1. Avoiding self-infection
2. Encouraging social distancing
3. Reducing the risk of emitting the virus into the environment and of inhaling the airborne virus around us

The third point is the one on which the scientific debate has focused the most, and this in turn influenced political decisions which, regarding masks, were largely — and unfortunately for a long time — not the best ones. What follows is not a partisan political judgment, because in our country, as in other Western countries, no political side — neither government nor opposition — has been able to act as a proper guide in the months following the beginning of the pandemic.

• First critical decision: communicating that masks are not useful.
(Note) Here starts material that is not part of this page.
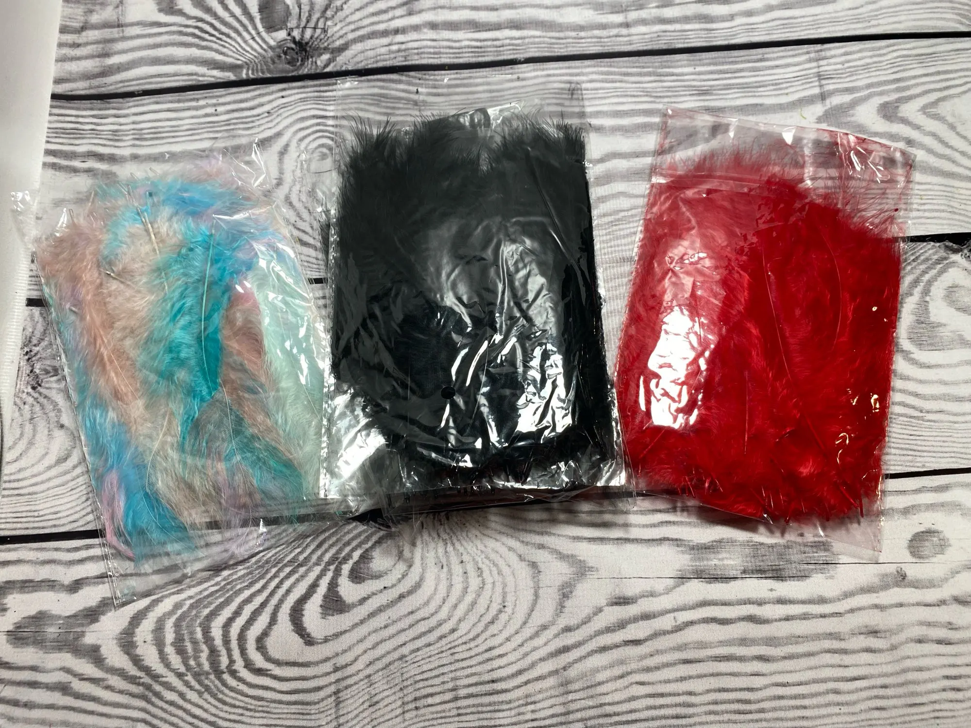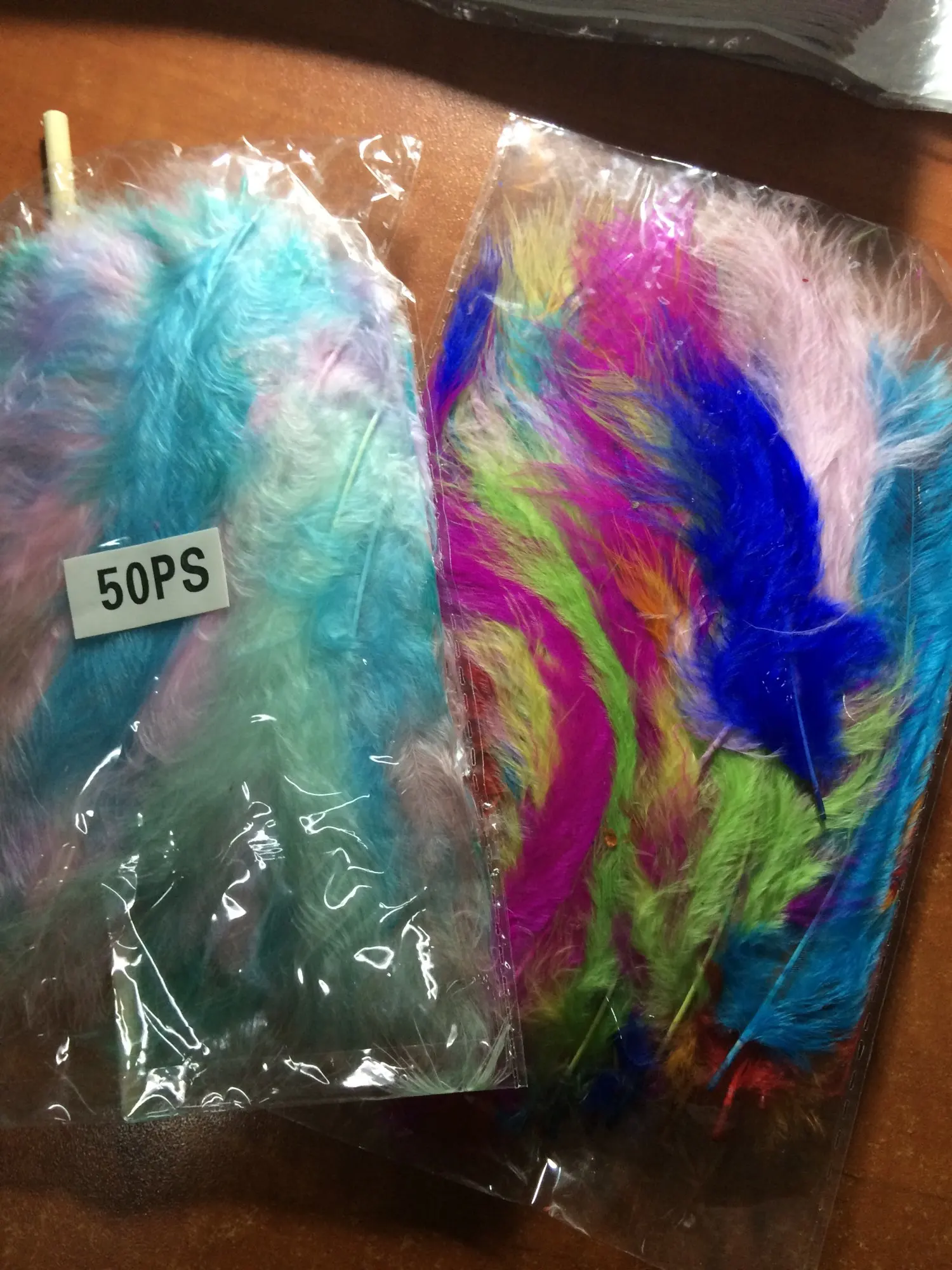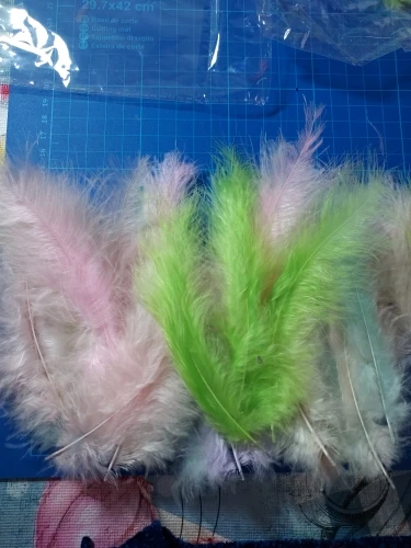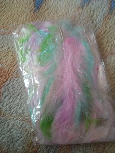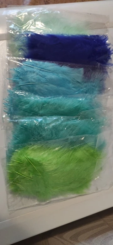 Заказ шел больше месяца. Цвет перышек совпадает с представленными на фото. Не все перышки хорошего качества, но есть и хорошие. Для моих изделий можно выбрать.

Until early April, this was the position of Western Ministries of Health. It would have been better to say: masks are useful, they are currently not available, make them yourselves, and here is how.
• Second critical decision: the DPCM 17 of March 18, 2020 It required surgical masks and EU-standard respirators (FFP2) for all workers without first verifying availability, and in contrast with the public message of the time (that masks were unnecessary), which lasted until early April. In Italy, production of masks and respirators was non-existent at that time. The consequence was that Italy was flooded with imported Chinese masks, mostly made according to Chinese standards and therefore obviously non-compliant with European standards. As a result, they were seized in large quantities and left unused in customs warehouses across the country. It would have been better not to block them — the benefit would have been much greater than the risk.
• Third critical decision: giving Inail the responsibility of evaluating FFP2 masks without creating a control laboratory. Reaction times were incompatible with the emergency. It took about a month to evaluate a small number of masks, without laboratory tests, based solely on unverified self-certifications. It would have been better to establish a control laboratory to test as many masks as possible and publish the results.
• Fourth critical decision: from late March, expropriating imported masks. This caused a dramatic slowdown in the importation of masks. It would have been better not to do this — or, if absolutely necessary to supply healthcare workers and essential categories, to pay for the expropriated goods immediately, in order not to discourage importers. Instead, expropriations were paid two months later, severely delaying availability for ordinary people.
• Fifth critical decision: imposing a fixed price on surgical masks This was based on the assumption that Italian companies were ready to produce 660 million pieces. If you impose a price, you need to be like Apple: from tomorrow the product must be in stores, fully organized, with complete control of the supply chain. Instead, this measure further slowed imports — and for months masks were impossible to find because there were not even machines available to produce them in Italy or Europe. The two companies that Civil Protection had commissioned to produce 25 machines each had not yet finished receiving the components for the first machine. They “promised the iPhone in stores at a fixed price on April 26,” but by May 9 the welding line needed to fix the screen was still missing. It would have been better not to impose the price — the market would have adjusted itself shortly after, as indeed happened, without making masks unavailable for two months.
• Sixth correct decision: for those who do not work in high-risk environments, DIY masks are suitable. We published a scientifically based video on how to make your own mask. We did not spend several thousand euros to test these DIY masks in a laboratory, but we trust those who have done so authoritatively and with no personal interest. Protection results at 80%. If everyone always had 80% personal protection, it would be as if we reduced the R₀ index from 3 to 0.6 — a remarkable result, considering that during the first wave it took two and a half months to bring the R₀ from 3 to 0.6 in Lombardy. It is important to keep in mind that a well-made DIY mask is better than a poorly made community mask. Laboratory studies on the protective index of a very wide range of materials are available. Therefore, it is important to research properly before choosing this option.